We then applied the stable topic extraction method [15,18], which yielded 852 stable topics. For each stable topic, there were 3 topics—one from each run—that were very similar to each other, and the stable topic was the “average” of the 3 similar topics. Likewise, the PWC for the stable topic in each note was defined to be the median value of the 3 PWCs that corresponded to the 3 topics (i.e., one from each run). By design, topic proportions are always positive numbers, so the PWCs are positive as well. However, because not all topics are present in every note, we set a nonzero threshold for the PWCs to indicate whether a topic was present in a note. Empirically, we set the threshold at 2.0, which roughly means that a topic is present in a note only when the PWC ≥ 2.0. To allow various degrees of topic presence, we defined topic presence to be a function of PWC as follows: (1) presence = 0 if PWC < 2.0, (2) presence = PWC/10.0 if 2.0 ≤ PWC ≤ 10.0 and (3) presence = 1.0 if PWC > 10.0. For the ML model, stable topics were used as variables/features, and the maximum presence value over all notes of each Veteran was defined as the Veteran’s topic presence value.
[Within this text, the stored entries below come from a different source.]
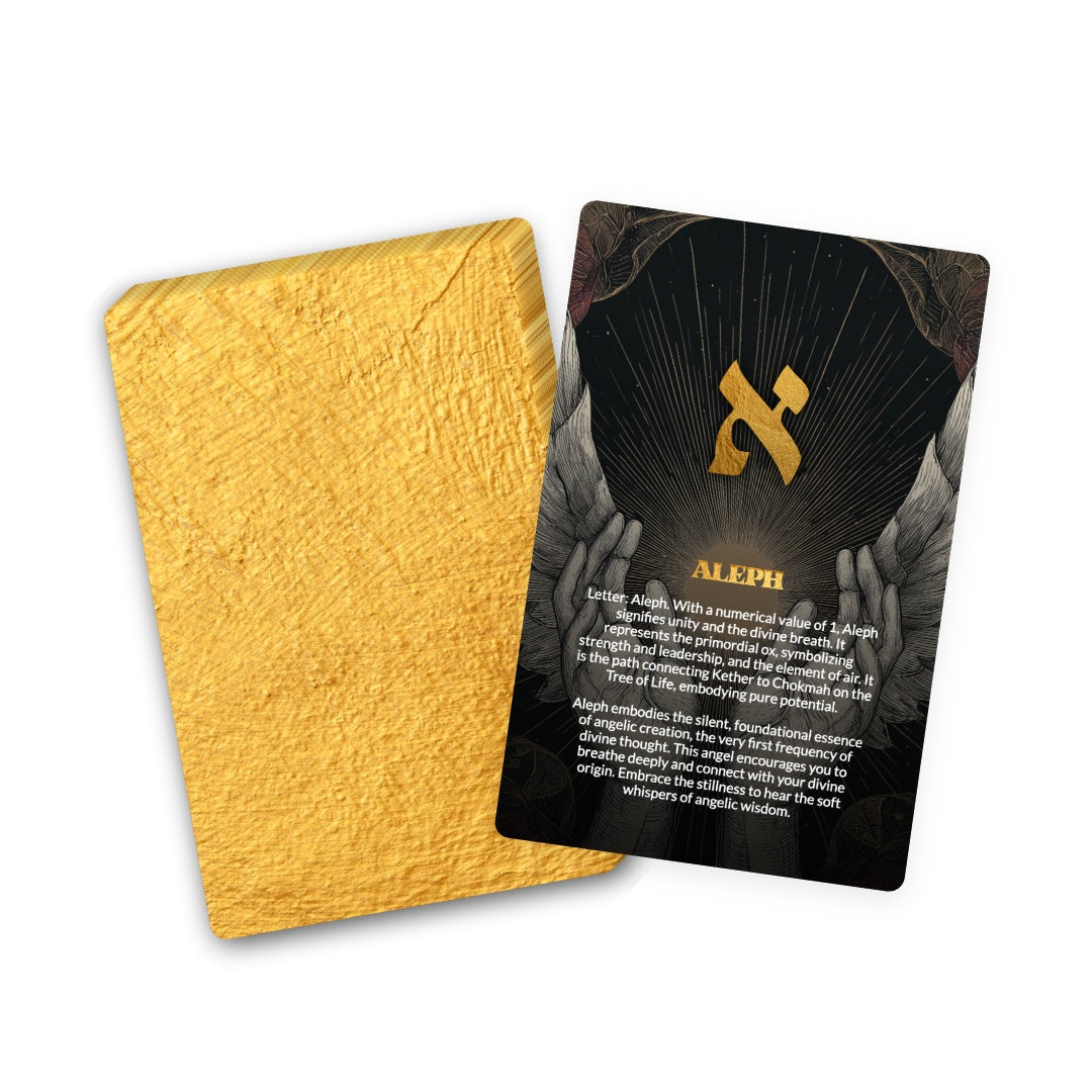 Each of the 22 cards features a distinct angelic letter—a sacred symbol that carries its own vibrational frequency and spiritual significance. Rather than traditional imagery, this deck emphasizes the power of sacred script, allowing your intuition to interpret the subtle energies encoded within each character.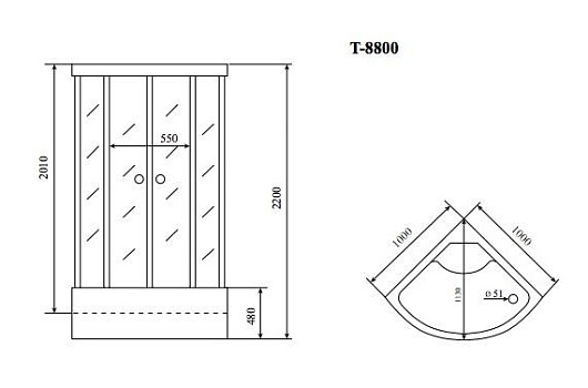 T-8800 C – прочная душевая кабина из серии Comfort, способная выдержать многолетнюю активную эксплуатацию. Акриловый поддон высотой 46 сантиметров обладает специальным усиленным каркасом на основе стекловолокна, центральная панель изготовлена из нержавеющей стали, а сам профиль кабины – из анодированного алюминия с хромовым покрытием (таким же, как у ручек и роликов раздвижных дверец).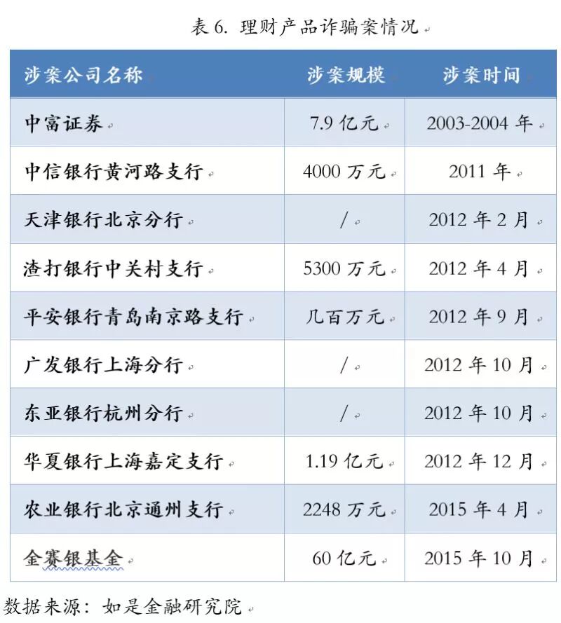 其中涉案规模最大,最为引人注目的是金赛银基金事件。2015年10月,深圳金赛银基金管理有限公司陷入60亿元兑付危机中,金赛银负责人王维奇跑路,客户的几十亿资金无处追讨,无处申诉;而平安人寿被曝由其业务员向客户兜售的巨额金赛银理财产品无法兑付。通过高档豪华会所装门面、拉拢政府官员打着政府项目的旗号推销、打平安保险担保的幌子、宣传公司挂牌上海股交中心等方式,金赛银公司吸引了大量投资者购买其理财产品,但这些钱实则进入了王维奇的个人私款。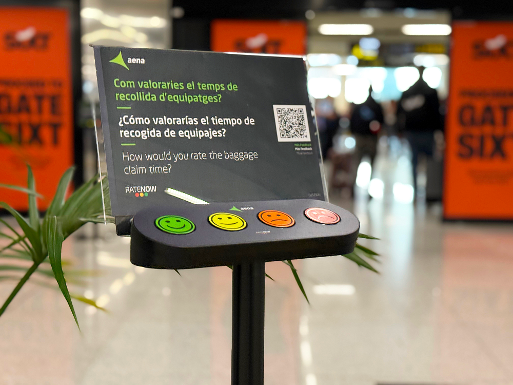 In RateNow lavoriamo con i 38 aeroporti della rete AENA per monitorare continuamente l'esperienza del passeggero. Collaboriamo sia con le autorità aeroportuali che con le aziende subappaltatrici di servizi — come pulizie, sicurezza, handling o sale VIP — che utilizzano i nostri dati per ottimizzare le loro operazioni e soddisfare gli standard di qualità e servizio.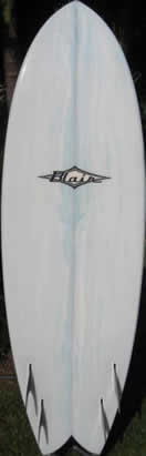 The typical wide swallow tail is flintstone. The straight bottom with the straight tail lines and hard rails, makes a fish dig the rails and spins out.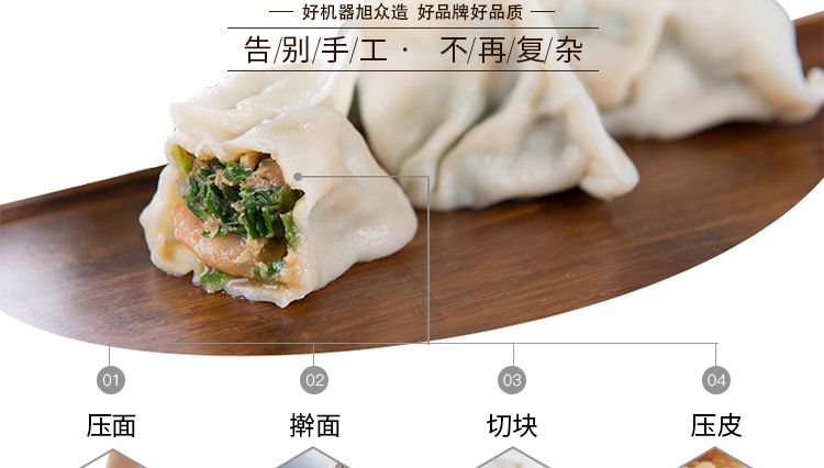 本機具有高效節(jié)能、安全衛(wèi)生、無邊角廢料、大小厚薄可定制等優(yōu)點,使所生產(chǎn)餃子皮在外觀、口感、重量達(dá)到空間統(tǒng)一,從而轉(zhuǎn)變了當(dāng)今生產(chǎn)效率低、員工揮霍、二次污染、中部缺口等現(xiàn)狀,該仿手工餃子皮機除具有以上優(yōu)點外,還可依據(jù)生產(chǎn)必要轉(zhuǎn)變出皮速度等優(yōu)點。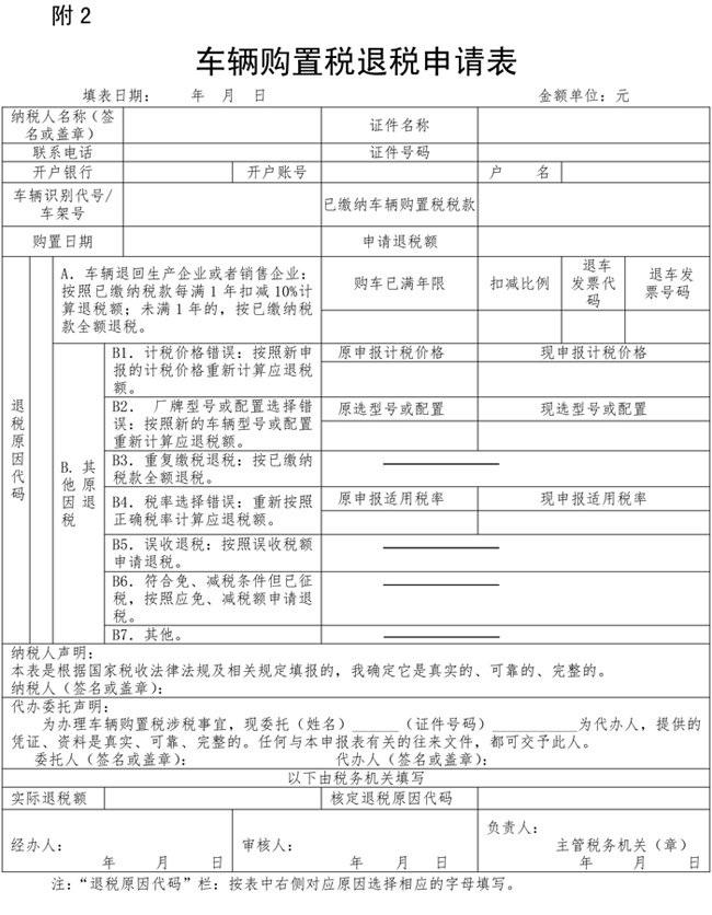 《車輛購置稅退稅申請表》填表說明 1.本表由車輛購置稅納稅人在辦理退稅申請時填寫(打印),由納稅人簽章確認。 2.“納稅人名稱”欄,填寫辦理退稅申報時提供的納稅人證件上注明的名稱。 3.“證件名稱”欄,單位納稅人填寫《統(tǒng)一社會信用代碼證書》或者《營業(yè)執(zhí)照》或者其他有效機構(gòu)證明;個人納稅人填寫《居民身份證》或者其他身份證明名稱。 4.“證件號碼”欄,填寫“證件名稱”欄填寫的證件的號碼。 5.“開戶銀行”“賬號”“戶名”欄,填寫納稅人用來接收國庫退稅稅款的開戶銀行、賬號及開戶名稱。 6.“車輛識別代號/車架號”欄,按車輛合格證或者《中華人民共和國海關(guān)貨物進口證明書》或者《中華人民共和國海關(guān)監(jiān)管車輛進(出)境領(lǐng)(銷)牌照通知書》或者《沒收走私汽車、摩托車證明書》中對應的車輛識別代號(車架號)填寫。 7.“已繳納車輛購置稅稅款”欄,填寫主管稅務機關(guān)開具的車輛購置稅繳稅憑證上注明的繳稅金額。 8.“購置日期”欄,填寫機動車銷售統(tǒng)一發(fā)票(或者有效憑證)上注明的開票日期。 9.“申請退稅額”欄,填寫納稅人向稅務機關(guān)申請的退稅金額。 10.“退稅原因代碼”欄,按表中右側(cè)對應原因選擇相應的字母填寫。 11.本表(一車一表)一式三份,一份由納稅人留存;一份由國庫留存;一份由主管稅務機關(guān)留存。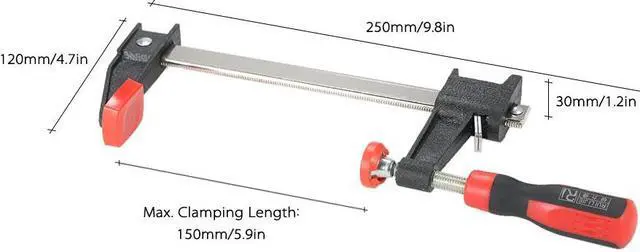 Specifications:Material: high-carbon steelMax. Clamping Length:6 inches: 150mmItem Size:6 inches: 25 * 12 * 3cm / 9.8 * 4.7 * 1.2inPackage Size: 41 * 11 * 4cm Features:Suitable for a wide range of woodworking, machine repair, DIY projects, etc.Anti-slip ergonomics handle provides comfortable and stable operation.Zinc plating rail, not easy to rust.Protective pads for both tops can well protect wood pieces.Made of high-carbon steel.

2.3. Support Vector Machine (SVM) Model

Separately for BA and WA Veterans in the Training Sample, we constructed SVM models that used the selected predictor variables to generate dementia “risk” scores. To construct the SVM models, we used the linear SVM model (LinearSVC algorithm) in Python package Scikit-Learn [19]. The SVM models had only one important hyperparameter: “C”, the cost parameter, which sets the trade-off between misclassification and the simplicity of the decision surface. To determine the best value for C, we performed five-fold cross-validation on the training dataset with various values for C and then selected the value corresponding to the highest predictive area under the receiver operating characteristic (ROC) curve (AUC) in the five-fold cross-validation. The selected C value was used to train the final SVM model on the entire training dataset. The linear SVM model output scores represent the distance to the separation hyperplane in the high-dimensional feature space. The scores have no theoretical limits, and higher scores indicate a higher likelihood of having dementia.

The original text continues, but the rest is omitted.